Tanto Pedro Moreira Salles como Roberto Setubal contaram, ontem pela manhã, que as conversas se iniciaram em agosto de 2007. "Mas já havíamos pensado nisso outras vezes, como em 98", diz Roberto. Segundo Pedro, a idéia ganhou corpo nos últimos meses. "Foi na quarta que decidimos: o momento é agora", completa Roberto.

"Essa foi a união mais fácil do Brasil, capitaneada por um único advogado representando ambas as partes, o Gabriel Jorge Ferreira (do Unibanco)", destaca Pedro.

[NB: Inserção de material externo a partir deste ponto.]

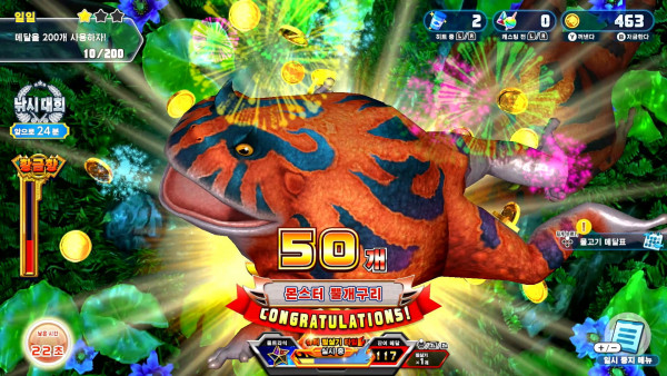 온라인 상대와 낚시 대회를 벌인다. 승리의 별을 모으면 앵글러 레벨이 올라간다.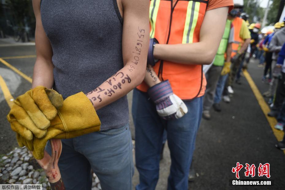 当地时间9月21日,墨西哥墨西哥城的地震救援人员手臂上书写自己的名字、血型、亲属电话等个人信息,以防不测。截至目前,19日中午发生在墨西哥中部的7.1级地震已造成至少273人遇难。图文:中国新闻网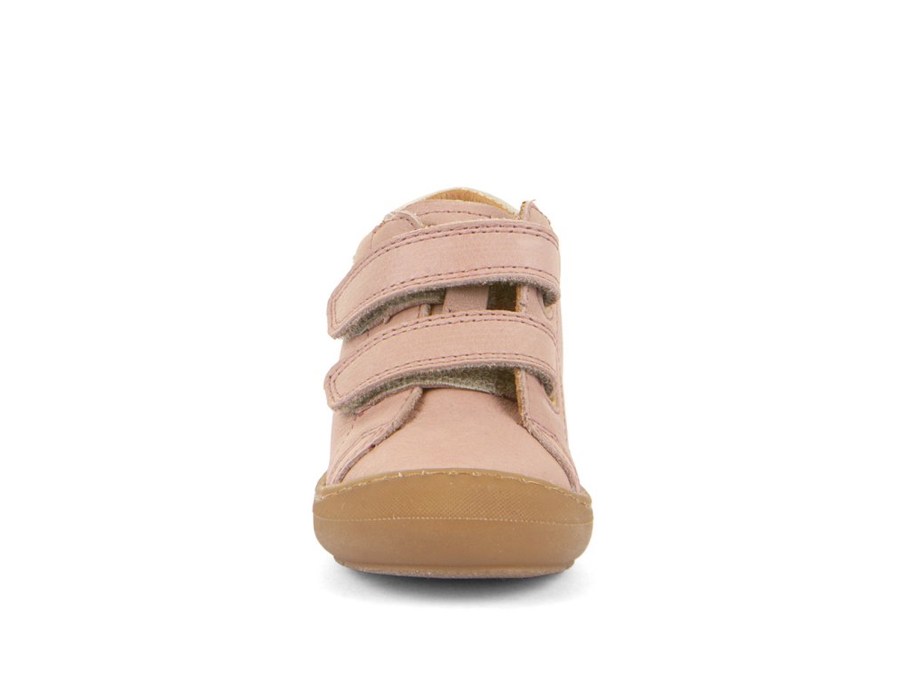 Celoroční kožené boty od chorvatské značky Froddo jsou extrémně měkké, lehké a ohebné. Boty jsou vyrobeny z vysoce kvalitní anilinové kůže, která neobsahuje nebezpečné látky a sloučeniny, je velmi příjemná a odolná. Anatomický tvar špičky poskytne dostatek prostoru dětským prstíkům, praktické přetažení gumy přes špičku (ochrana před promáčením a odíráním), podrážka je gumová a měkká s téměř nulovým dropem (rozdíl mezi patou a špičkou). Stélka je vyjímatelná, antibakteriální a kožená bez chromu. Odebráním stélky se prostor v botě zvětší o cca 5 mm a podrážka se tak stane ohebnější. Sedí na užší a střední nohu, užší v patě a v kotníku, vhodné jsou na normální nárt. Zapínání je na dva suché zipy pro snadné dotažení v nártu.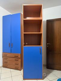 Scrivania in legno color ciliegio con cassettiera a 2 cassetti e libreria coordinata. Ottima per studio, smart working o cameretta. Struttura solida, piano ampio e comodo per PC o libri. Libreria con più ripiani capienti.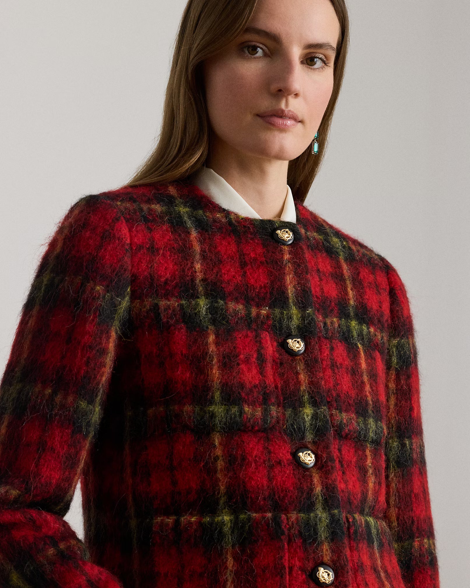 Questa giacca corta, ispirata ai modelli vintage, è confezionata in morbido mohair italiano tinto in filo con il caratteristico motivo scozzese di stagione. Presenta una vestibilità dritta e accorciata, pensata per arrivare all’altezza dei fianchi, con scollo arrotondato e abbottonatura frontale impreziosita da bottoni decorati con teste di volpe. Caratterizzata da maniche lunghe con spalline e quattro tasche applicate — due sul petto e due in vita — unisce eleganza e funzionalità in un capo raffinato dal fascino senza tempo. Composizione: 34% poliestere, 20% lana, 15% cotone, 15% acrilico, 7% pelo di alpaca, 4% viscosa, 3% altre fibre. Fodera: 94% poliestere, 6% elastan. Lavare a secco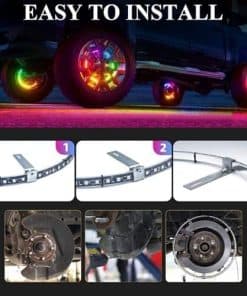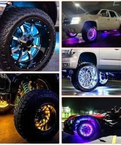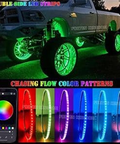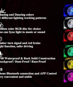 17″ Dream Chasing Color Flow Double Sides illuminated LED Wheel Rings Lights w/Turn Signal and Braking Functionand for Truck All JEEP Offroad BLUETOOTH Controller Material: aviation aluminum holder + RGB 5050 SMD led light strip( 576pcs lamps) Size: 17inch Color: RGB( white/red/blue/green/yellow/purple)Dream color , more than 178 different lighting working patterns….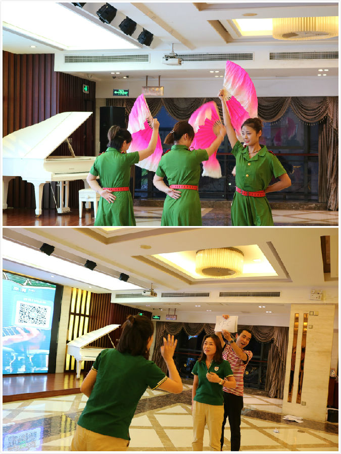 晚宴中,园长、老师们纷纷登台展现一个又一个即兴发挥的精彩节目,将整个活动晚宴推向高潮。其中,经典又不失创意的团队游戏,让大家充分愉悦身心的同时大大增强了团队凝聚力。现场欢笑声,加油声,呐喊声,此起彼伏,不绝于耳。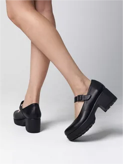Туфли кожаные на толстом каблуке для школы и офиса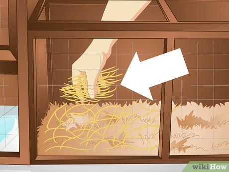 Thêm rơm. Khi đến việc giữ thỏ ấm, rơm là một trong những vật liệu tốt nhất. Đặt rơm khắp lồng. Ép rơm về phía mép lồng, thêm cách nhiệt, và đặt một ít rơm trong khu vực ngủ của thỏ. Đảm bảo thay rơm mỗi vài ngày. Thỏ có thể tiểu vào rơm và bạn không muốn thỏ của bạn ngủ trong vật liệu ẩm.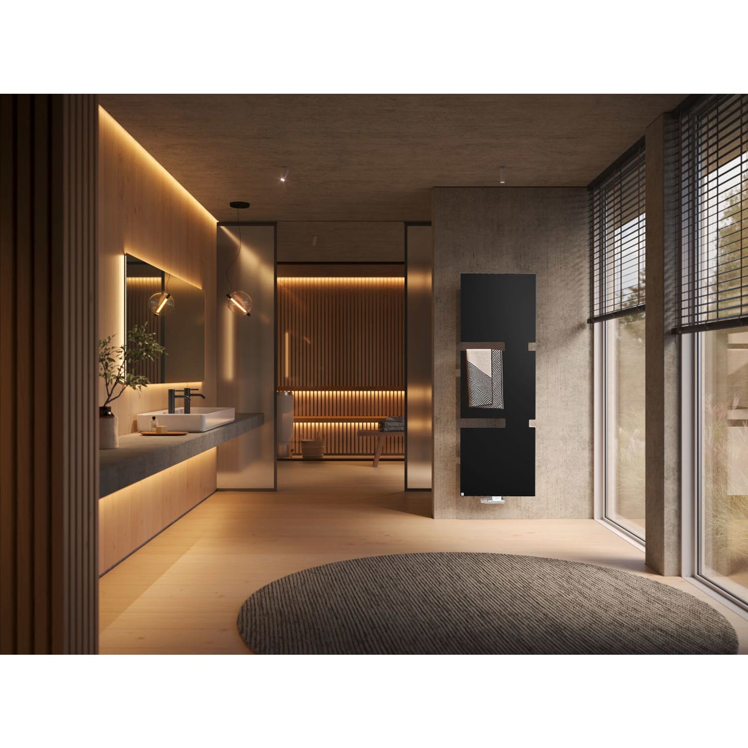 - Designheizkörper aus Stahl im eleganten, flächigen Design mit gerundeten Kanten

Olavo Setubal, alguns meses atrás, chegou a levantar a possibilidade de ceder a presidência do conselho do Itaú para Pedro. "Meu pai tinha a visão de que a empresa vem antes de interesses pessoais," diz Roberto. Já Pedro lembra que seu pai, Walther, tirou o nome Moreira Salles do banco para despersonalizá-lo.

Para informar Henrique Meirelles, do BC, Roberto e Pedro voaram a Brasília no domingo de manhã. Em aviões separados. Lula foi informado por Roberto e Pedro, pessoalmente, em SP, às 18h de domingo. "Isso é do que o Brasil precisa, de gente que acredita", disse. E ontem, Paulo Bernardo ponderou: "A operação fortalece o Brasil".

A união entre os irmãos Moreira Salles é tanta que o cineasta Waltinho não voltou de Los Angeles para assinar os contratos. Deu procuração aos irmãos Fernando, Pedro e João. Também fez falta Paulo Setubal, que está doente.

Só uma pessoa de fora dos grupos foi chamada a opinar: Nelson Eizirik, ex-CVM. Ajudou na fórmula de troca de ações entre as partes. Na reunião da Febraban, domingo à noite, na casa de Fábio Barbosa, nenhuma palavra sobre o acordo que estava sendo fechado. Presentes, pelo Unibanco, Vainboim. Pelo Itaú, Antonio Matias.